● GIVEN INFORMATION
★ ★ ★ ★ ★ ★ ★
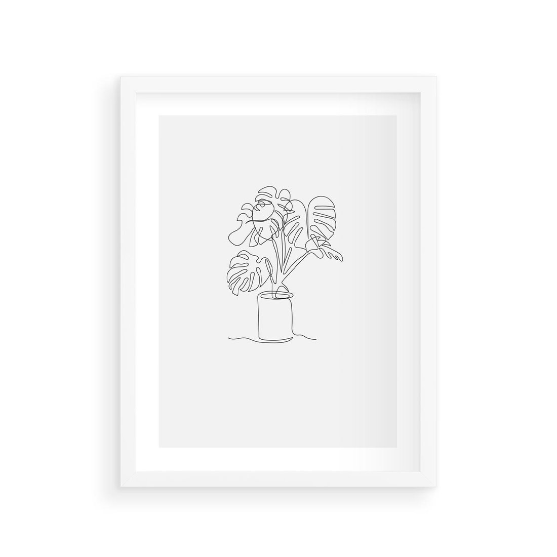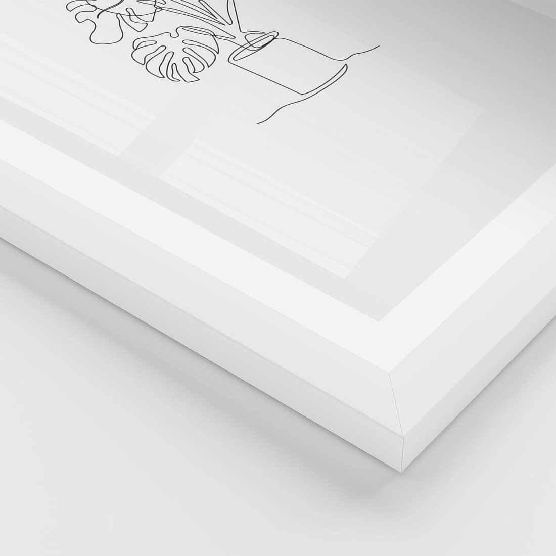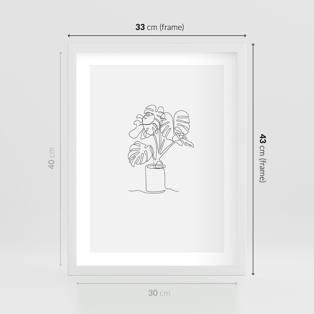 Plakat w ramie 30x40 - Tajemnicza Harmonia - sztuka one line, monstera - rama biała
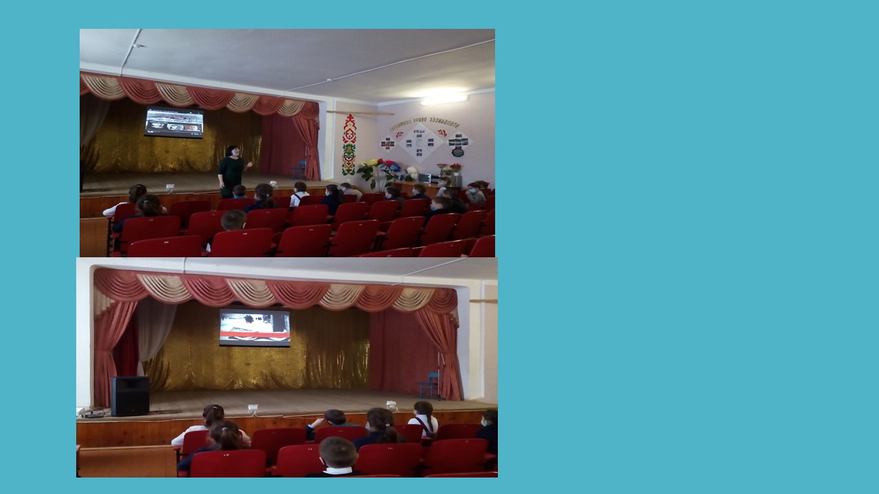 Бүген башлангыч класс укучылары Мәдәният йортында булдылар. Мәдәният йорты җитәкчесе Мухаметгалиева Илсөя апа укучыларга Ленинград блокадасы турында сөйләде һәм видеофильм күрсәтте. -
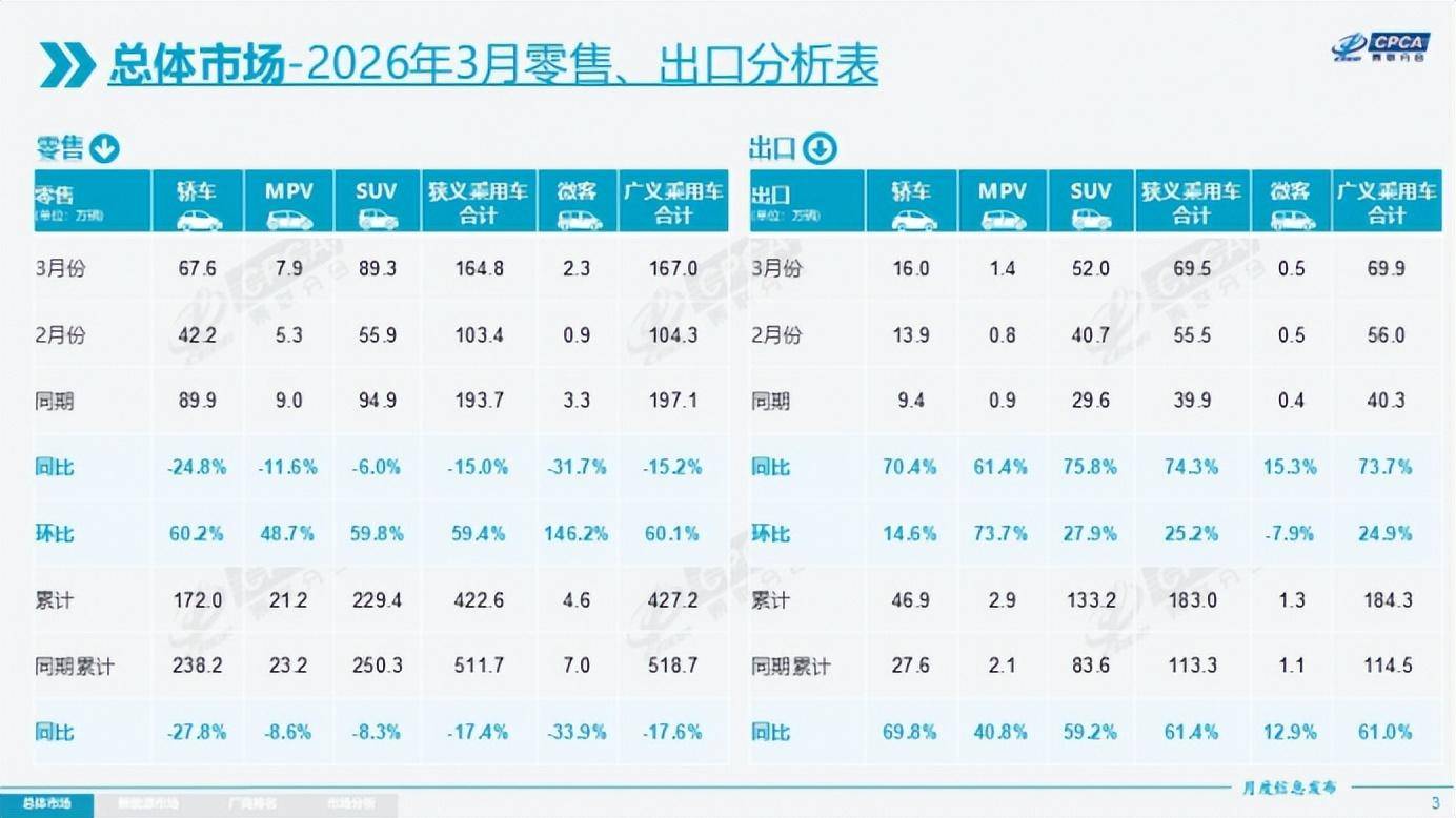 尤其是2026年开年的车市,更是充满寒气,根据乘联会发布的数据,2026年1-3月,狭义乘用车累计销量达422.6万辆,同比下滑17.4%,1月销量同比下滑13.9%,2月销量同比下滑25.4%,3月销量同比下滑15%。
★ ★ ★ ★ ★ ★ ★
● TO DO
Images are to be left out; everything else in the material must be written out exactly.

● OUTPUT BELOW
 Plakat w ramie 30x40 - Tajemnicza Harmonia - sztuka one line, monstera - rama biała
 Бүген башлангыч класс укучылары Мәдәният йортында булдылар. Мәдәният йорты җитәкчесе Мухаметгалиева Илсөя апа укучыларга Ленинград блокадасы турында сөйләде һәм видеофильм күрсәтте. -
 尤其是2026年开年的车市,更是充满寒气,根据乘联会发布的数据,2026年1-3月,狭义乘用车累计销量达422.6万辆,同比下滑17.4%,1月销量同比下滑13.9%,2月销量同比下滑25.4%,3月销量同比下滑15%。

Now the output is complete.